Federal government releasing details of new carbon tax

OTTAWA, ON. (NEWS 1130) – The carbon price is part of a broader climate change framework from the government, as part of the Pan Canadian Framework for Clean Growth and Climate Change.

According to Maclean’s Magazine Ottawa Bureau Chief John Geddes, the Trudeau government plans to give provinces three options. “They can either do a straight carbon tax or like BC a cap-and-trade system like Ontario or Quebec, or some blend which is the Alberta way,” says Geddes.

The Liberal government want to see the tax or cap and trade equivalent of $10 per tonne of emissions put in place by the end of 2018, with the price rising to $50 by 2022.

However, Geddes claims that’s simply not enough. “You’d have to have a much, much steeper carbon tax than what’s being proposed here.”

In order for Canada to hit its international targets, Geddes says the government needs to impose many other regulations or push the carbon price up to 300 dollars a tonne.

Just last year, the Canadian Taxpayers Federation criticized the carbon tax plan, claiming it doesn’t work, and would cost Canadian families thousands more in taxes by 2022.

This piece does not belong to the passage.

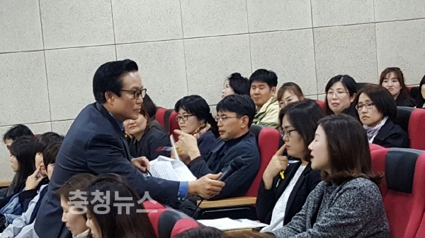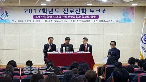 충남외고 진로진학 토크쇼에서는 ‘4차 산업혁명 시대의 진로진학교육과 학부모 역할’이라는 주제로 정명근 복자여고 진로진학상담교사의 발제와 김상배(공주고), 이승복(쌘뽈여고), 정지영(북일고) 등 패널과 학부모들의 쌍방향 토론이 2시간 동안 진행됐다.

“Emissions are higher than they were when we brought in the carbon tax, and the economy has not out-performed our neighbours,” said former CTF BC Director Jordan Bateman.

The CTF estimates it’ll cost the average Canadian family $2,569 more in taxes every year, but expects British Columbian families to be less hard-hit.

This is because power sources in BC are generally cleaner, with the province producing less oil and gas than other parts of the country.

Canada has agreed to cut emissions to 30% below levels in 2005. To do so, the country would have to reduce its emissions by about 200 million tonnes over the next 13 years, which is roughly the equivalent of taking every car in the country off the road, twice.